Goal of the exercise
Look below for the line with "La magie de"; begin the copy there and stop after the line with "- Sätt ugnen", keeping the text exact and the pictures out.

Exercise data

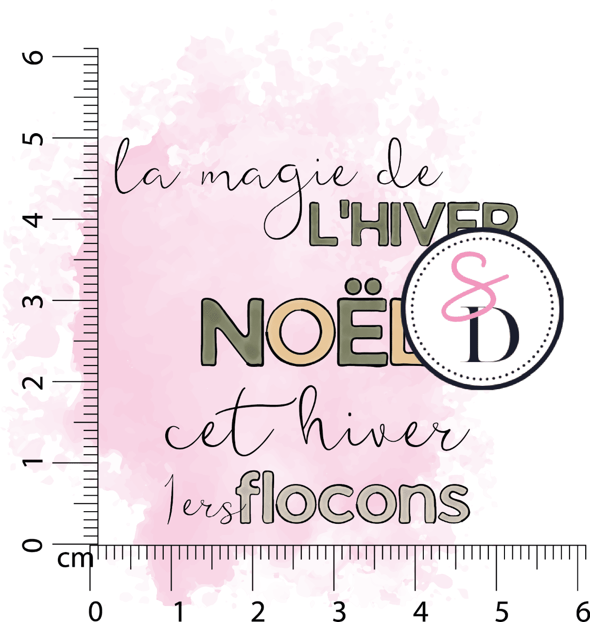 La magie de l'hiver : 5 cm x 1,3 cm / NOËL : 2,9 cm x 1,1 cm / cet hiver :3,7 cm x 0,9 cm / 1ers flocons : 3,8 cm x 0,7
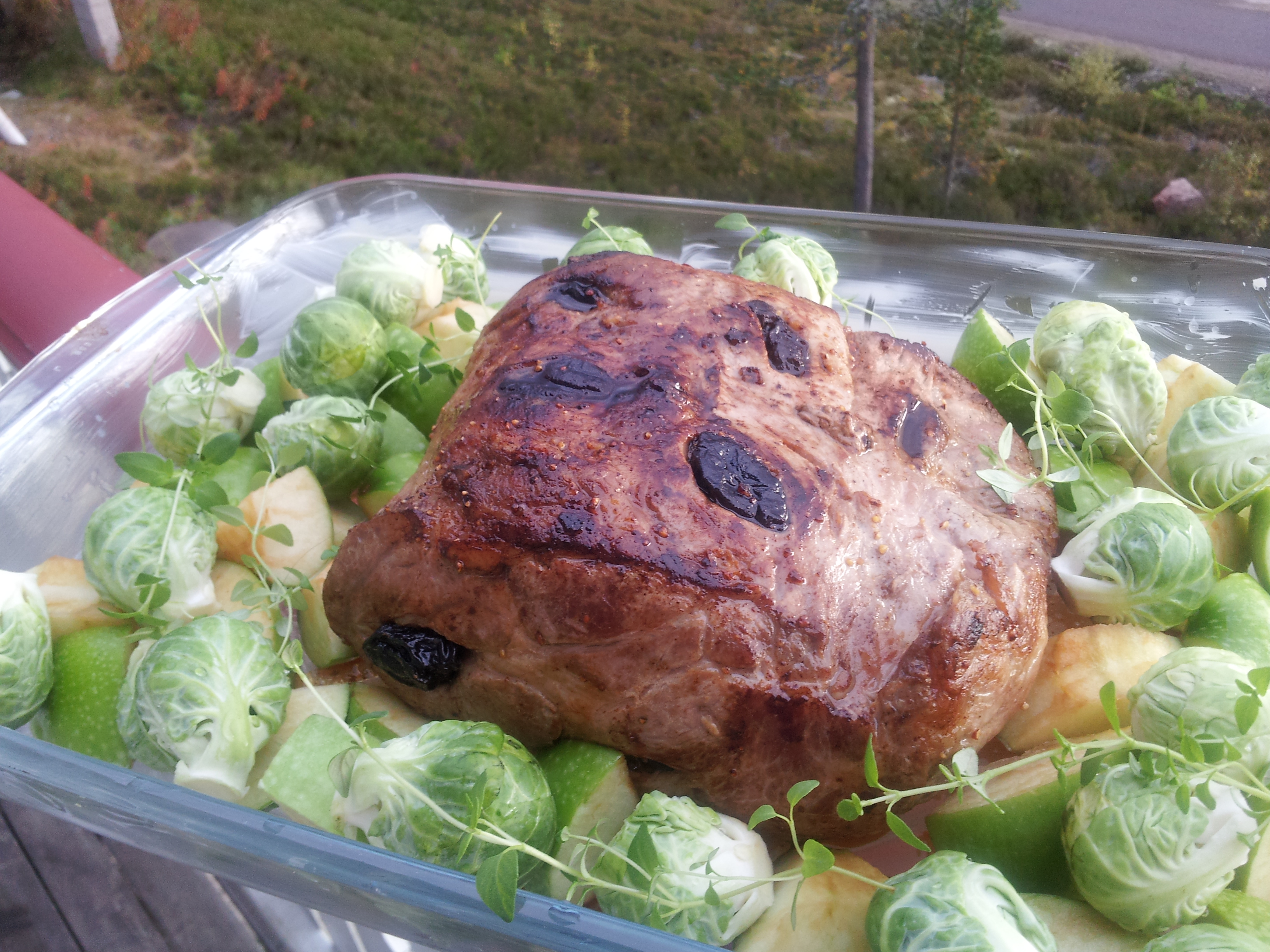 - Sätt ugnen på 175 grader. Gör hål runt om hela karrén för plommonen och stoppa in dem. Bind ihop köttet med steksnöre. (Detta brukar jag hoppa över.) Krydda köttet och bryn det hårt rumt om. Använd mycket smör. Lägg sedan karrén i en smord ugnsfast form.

==

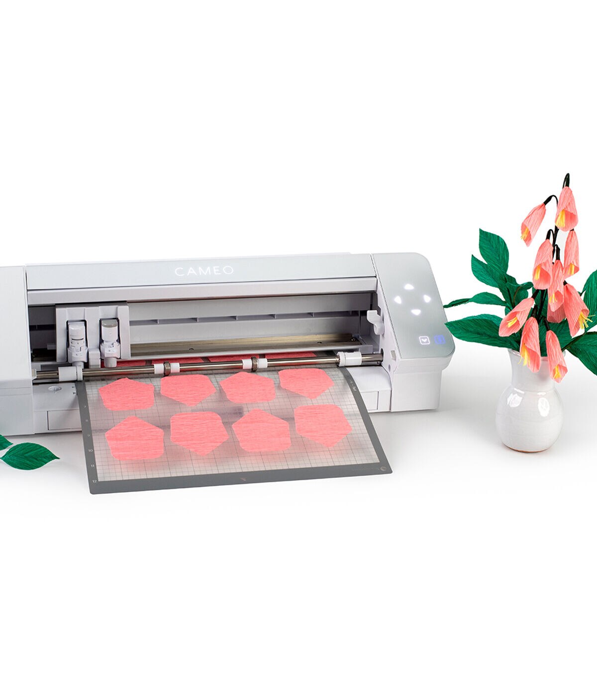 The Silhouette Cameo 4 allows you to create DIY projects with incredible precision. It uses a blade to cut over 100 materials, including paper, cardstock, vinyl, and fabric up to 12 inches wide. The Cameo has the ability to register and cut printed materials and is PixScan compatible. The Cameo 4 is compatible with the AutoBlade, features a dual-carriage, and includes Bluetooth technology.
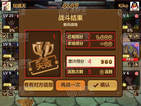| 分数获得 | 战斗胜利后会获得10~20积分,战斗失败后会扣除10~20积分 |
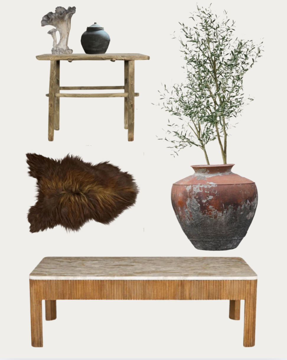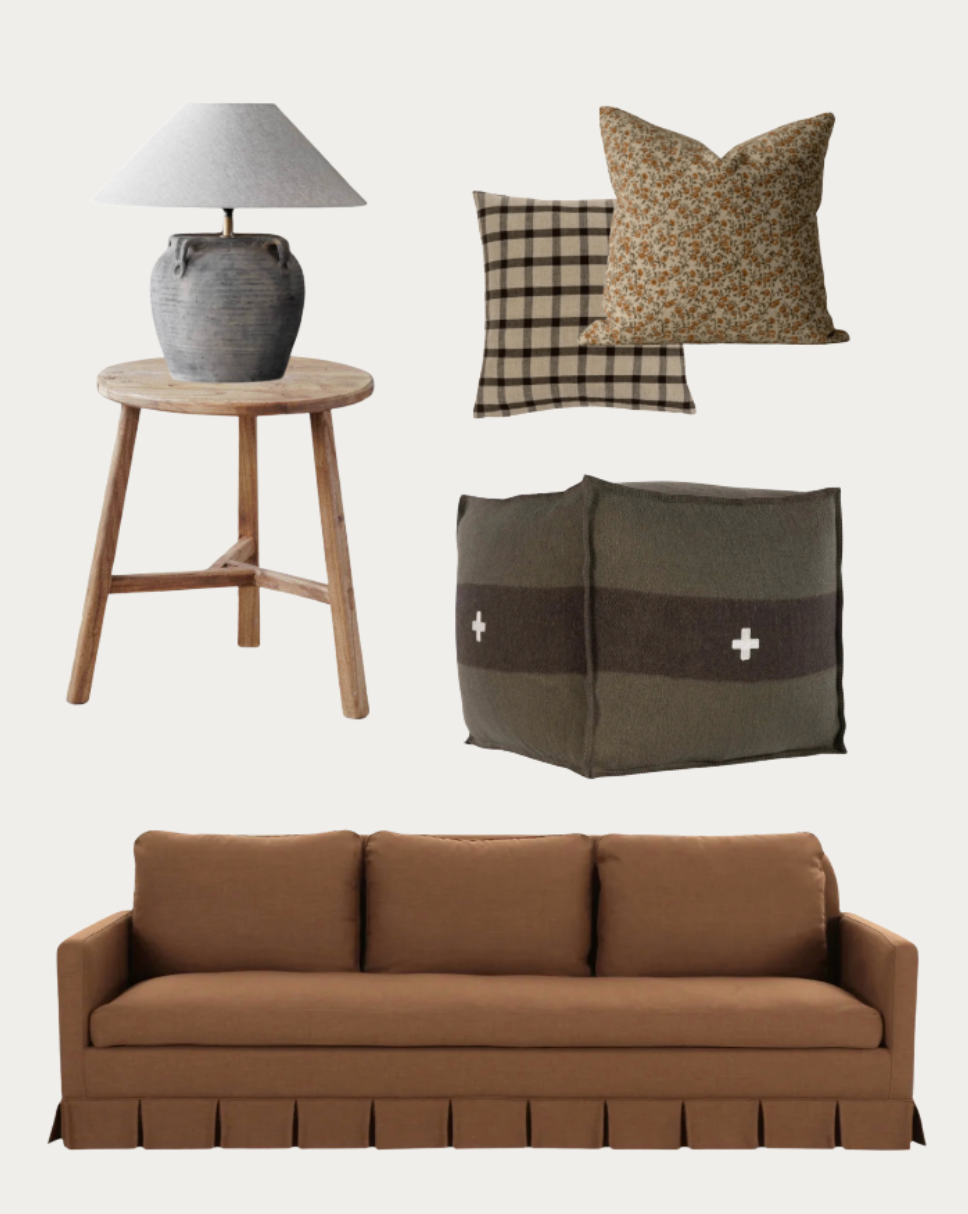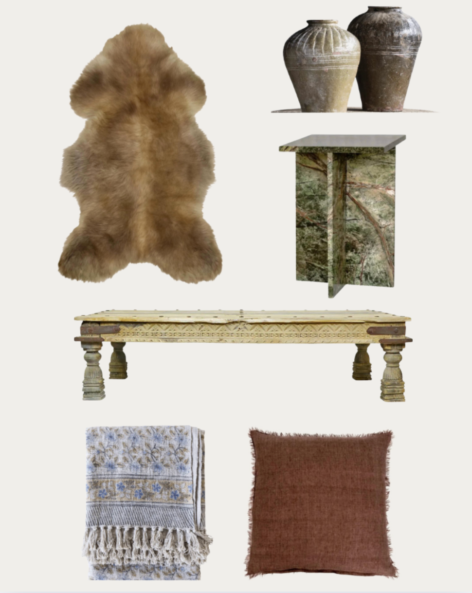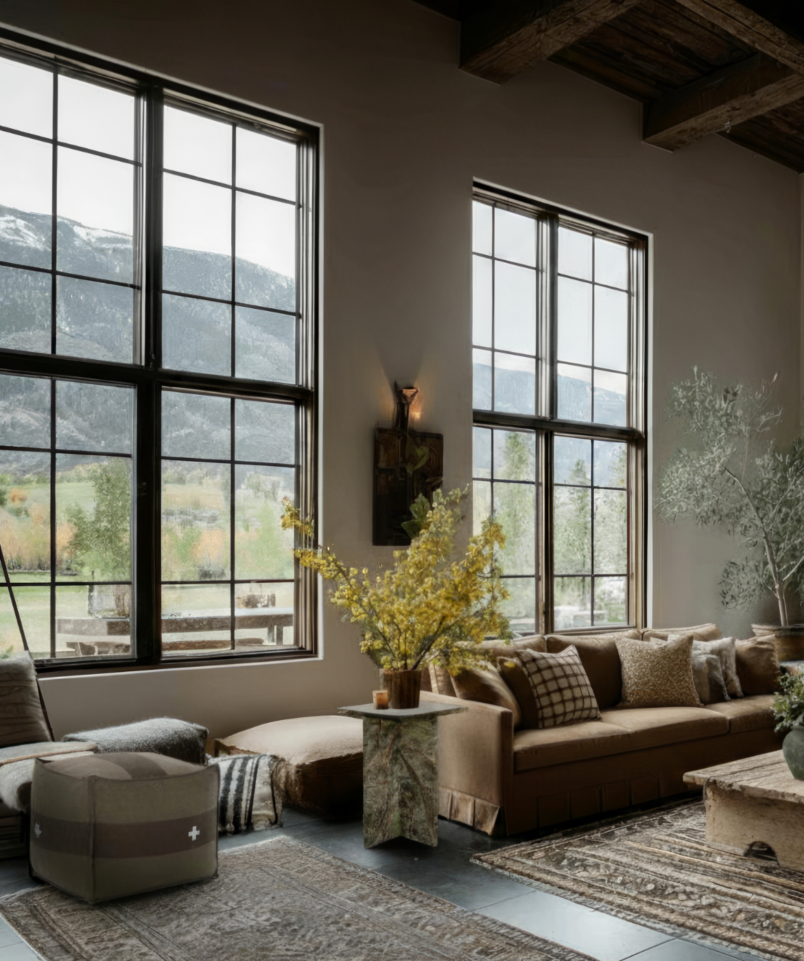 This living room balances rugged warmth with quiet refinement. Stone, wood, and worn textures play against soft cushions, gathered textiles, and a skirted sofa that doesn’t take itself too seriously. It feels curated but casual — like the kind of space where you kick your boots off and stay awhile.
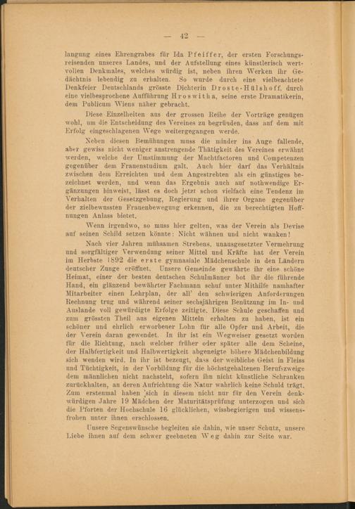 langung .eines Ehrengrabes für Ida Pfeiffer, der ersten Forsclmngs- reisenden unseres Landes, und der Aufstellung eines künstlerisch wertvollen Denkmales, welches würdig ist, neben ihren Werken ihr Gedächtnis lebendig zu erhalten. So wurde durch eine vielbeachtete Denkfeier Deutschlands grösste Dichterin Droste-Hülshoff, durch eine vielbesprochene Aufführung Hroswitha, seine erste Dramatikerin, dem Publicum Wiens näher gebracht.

Answer to the exercise
 La magie de l'hiver : 5 cm x 1,3 cm / NOËL : 2,9 cm x 1,1 cm / cet hiver :3,7 cm x 0,9 cm / 1ers flocons : 3,8 cm x 0,7
 - Sätt ugnen på 175 grader. Gör hål runt om hela karrén för plommonen och stoppa in dem. Bind ihop köttet med steksnöre. (Detta brukar jag hoppa över.) Krydda köttet och bryn det hårt rumt om. Använd mycket smör. Lägg sedan karrén i en smord ugnsfast form.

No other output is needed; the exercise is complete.